Poland in the run-up to presidential elections

By Brigitte Fehlau
24 July 2000

Presidential elections are scheduled to take place in Poland on October 8. About a dozen hopefuls have announced their candidacy to date, including a number of right-wing nationalists and well-known figures.

Over a month ago the Polish ruling coalition of the AWS (Election Campaign-Solidarity) and the UW (Freedom Union) fell apart after three and a half years in government. The head of that coalition, Jerzy Buzek of the AWS, went on to form a minority government.

The end of the coalition was preceded by a long period of dispute between the AWS and the UW. The UW accused Buzek of being incapable of keeping AWS representatives in the Sejm (the Polish parliament) in line with governmental policy. AWS representatives had continually blocked legislation the government was determined to see passed. Indeed, widely varying interests (including some promoting and others opposing entry into the European Union) exist within the AWS—an alliance of about 30 small right-wing parties, all stemming from the Solidarity movement.

The government's chief aim was to fulfil the conditions set by the European Union (EU) for Poland's entry in 2003. But this invariably led to mass protests because “reforms” in the health sector, the coal and steel industries and in agriculture were seen to exacerbate poverty and unemployment. Due to these protests, the government was forced to back-pedal, creating enormous pressure as the time limit for fulfilling EU conditions nears.

The result was that all five ministers from the UW—among them Finance Minister Leszek Balcerovizc and Foreign Minister Bronislav Geremek—resigned at the end of May, leading to the collapse of the coalition.

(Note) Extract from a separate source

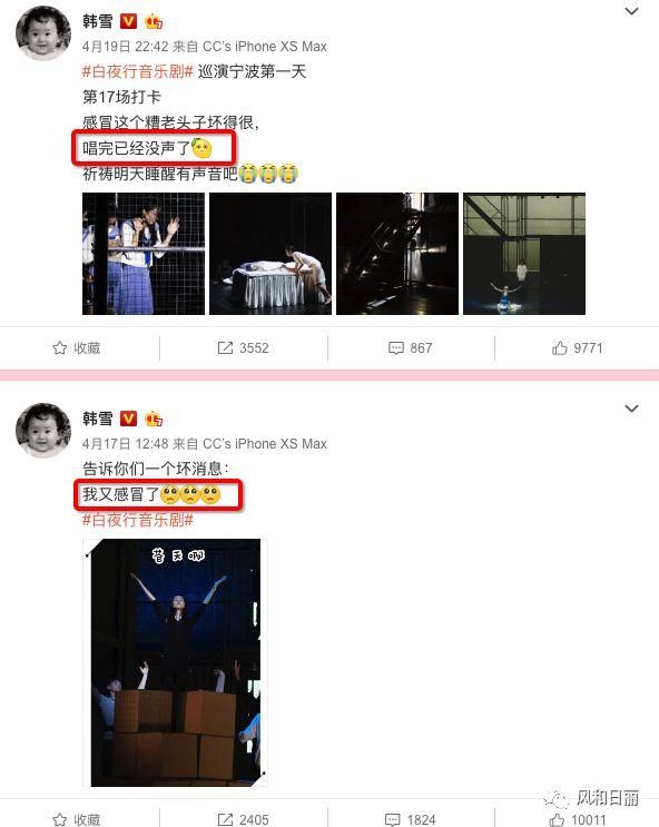 在此之前,韓雪因為身體原因,嗓子早就出現(xiàn)了問題,她每場演出結(jié)束后都會微博打卡,既然身體已經(jīng)預(yù)警了,為什么不及時止損?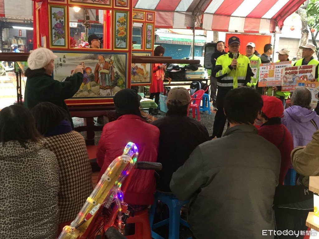 警方表示,由於年關將近,各大市場採買人潮聚集,為了增加民眾有關「防竊、防搶、防盜、防詐騙與反毒」等預防犯罪觀念,以及警察維持「交通安全順暢」、「防制交通事故」、「嚴懲重大違規」之防制作為,宣導成員們在大稻埕公園逐一發送反詐欺等宣導文宣及應景年節紅包袋,吸引參與廟會祈福遊行的民眾們的駐足目光。

The current AWS minority government, again with Jerzy Buzek at the helm, now confronts the task of passing by year's end about 180 remaining laws, designed to introduce European standards into Poland. Vladislav Bartoszevski, the newly appointed foreign minister, has announced his intention of forming a “Grand Committee for European Law” along the lines of the one envisaged by Buzek and his predecessor, Geremek. With the help of this special committee, the required laws are to hurried through the Sejm. To this end Buzek has announced the implementation of a so-called “omnibus” procedure, by which the desired changes in legislation will be made, not by treating each bill separately, but by dealing with relatively few special laws combined in a package.

Severe cuts in social programs have led to widespread protests from a population already debilitated by unemployment, poverty and rural backwardness. This anger has been focused primarily against the AWS/UW ruling coalition. The Democratic Party of the Left (SLD), the organisation which arose out of the former Stalinist ruling party, PVAP, has been able to take advantage of the governmental crisis and could receive well over 40 percent of votes in the presidential elections, according to current polls.

Not least because of the unpopularity of the Buzek government, incumbent President Alexander Kwasnievski of the SLD, currently leading in the polls with a 70 percent approval rating, appears to have a good chance of being re-elected.

Alexander Kwasnievski, who had a career in the United Polish Workers' Party (PVAP), replaced Lech Walesa as president of Poland in 1995 with the help of a highly effective media campaign. He presented himself at the time as a “modern” and “socially just” man favouring “reform”. During his term in office, he vigorously pursued his aim of securing Polish membership in NATO and the EU. Poland has been a member of NATO since March 1999, and its entry into the EU has been the central concern of Polish politics in recent years.

Despite the SLD's rhetoric, Kwasnievski's position is no different than the government's in relation to these key issues.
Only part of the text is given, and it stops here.